Control the model settings and various optimization parameters
Usage
NB_control(
niter = 500,
threshold = 1e-04,
fixed_point_niter = 5,
sparsity_weights = NULL,
sparsity_penalties = NULL,
n_sparsity_penalties = 30,
min_ratio = 0.01,
fixed_tau = FALSE,
clustering_init = NULL,
verbose = TRUE,
heuristic = FALSE,
noise_covariance = NULL,
refine = FALSE
)Arguments
- niter
number of iterations in model optimization
- threshold
loglikelihood / elbo threshold under which optimization stops
- fixed_point_niter
number of sweeps of the tau update for Normal-Block-Mean with unknown clusters. Each sweep visits the rows of tau sequentially and maximizes the ELBO exactly in each, so it can never decrease the ELBO.
- sparsity_weights
weights with which the penalty should be applied in case sparsity is required, non-0 values on the diagonal mean diagonal shall be penalized too (default is non-penalized diagonal and 1s off-diagonal)
- sparsity_penalties
list of penalties the user wants to test, other parameters are only used if penalties is not specified
- n_sparsity_penalties
number of penalties to test.
- min_ratio
ratio for sparsity between max penalty (0 edge penalty) and min penalty to test
- fixed_tau
whether tau should be fixed at clustering_init during optimization useful for calls to fixed_q models in stability_selection
- clustering_init
how to obtain the initial clustering of the q unknown blocks: a heuristic name ("ward2", "kmeans", "sbm" or "spectral"), an actual clustering (a vector of labels or a p x q indicator matrix, or a list of either per q for a collection), or "best_of_inits" to try several heuristics per model and keep the best-ELBO fit (see [NormalBlockVarBase]'s `best_of_inits()`; not supported with `sparsity = TRUE`). Default `NULL`, resolved per model family at fit time: "ward2" for variance-block models, "kmeans" for mean-block models ("ward2" was benchmarked substantially worse there – see [NormalBlockMeanBase]).

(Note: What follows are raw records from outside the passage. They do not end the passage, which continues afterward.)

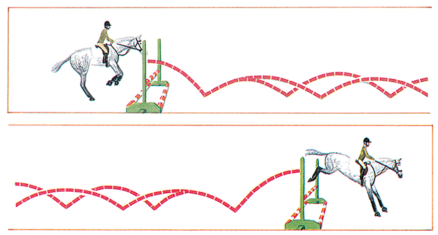 马或矮马都必须随时变换步态,确保不丧失节奏。任何时候丧失节奏都表明缺乏推进力和平衡。在平地所做的一切训练都应有助于马匹能伸长或缩短它的步幅,同时又不丧失节奏或平衡。这种两个障碍的平地跳越就证明了这一点,并且应从两个方向跳越。
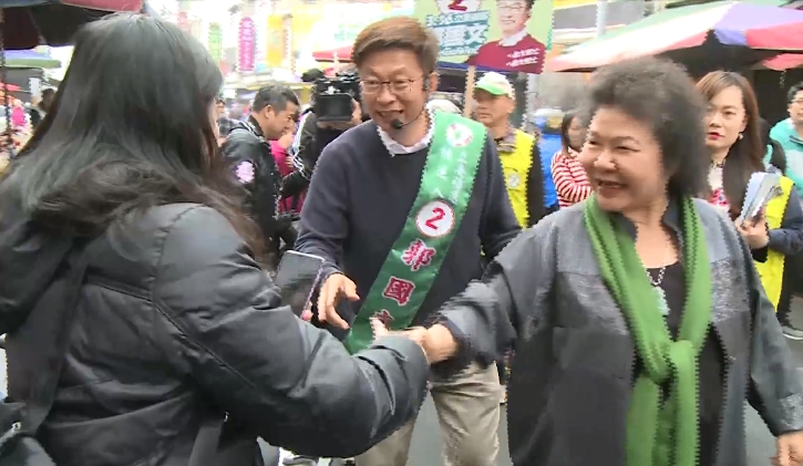 陳菊緊緊跟在郭國文一旁,從市場拜票到廟裡參拜,看到人就推薦郭國文,陳菊搶攻女性選票,說這一票必須團結才能過關,郭國文也說,對手複製韓流方式,但他才是最關心勞工的人。
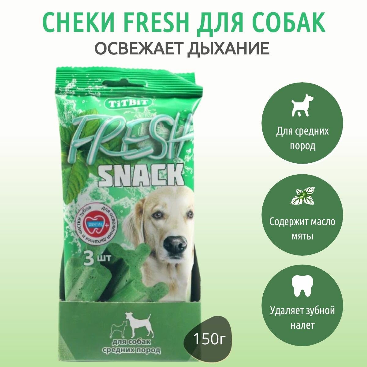 TiTBiT Fresh 1шт - 150г лакомство снеки с мятой и хлорофиллом для собак средних пород

See `inst/methods_initialization_and_refine.md` for the heuristics' rationale, why no single one dominates, and how this interacts with `refine` (below).
- verbose
telling if information should be printed during optimization
- heuristic
whether to use the heuristic approach (moment-based, no (V)EM recursion) instead of the full (V)EM. Default is FALSE. In heuristic mode, no likelihood/ELBO is computed, so `entropy`, `loglik`, `BIC`, `ICL` and `EBIC` are all `NA` on the resulting model.
- noise_covariance
shape of the residual covariance. Variance-block models accept "diagonal" (variable-specific) or "spherical" (common); mean-block models, whose Sigma is the full p x p residual covariance, also accept "full". Default `NULL`, resolved per model family at fit time to "diagonal" – except for a mean-block model with `sparsity > 0`, which implies "full" since a penalty on a diagonal precision matrix would have nothing to act on (explicitly asking for both is an error). The mean-block "diagonal"/"spherical" variants need no matrix inversion, hence no `n > p` requirement, and they select the number of clusters markedly better than a full Sigma once p approaches n: the p(p+1)/2 covariance parameters otherwise drown the mean structure BIC/ICL are weighing. Use "full" when the residual associations are themselves of interest.
- refine
for [NormalBlockVarCollectionClusters] only: whether `optimize()` should automatically call `refine()` afterwards. Default `FALSE` since it adds real cost; call `collection$refine()` directly at any point afterwards for the same effect without setting this.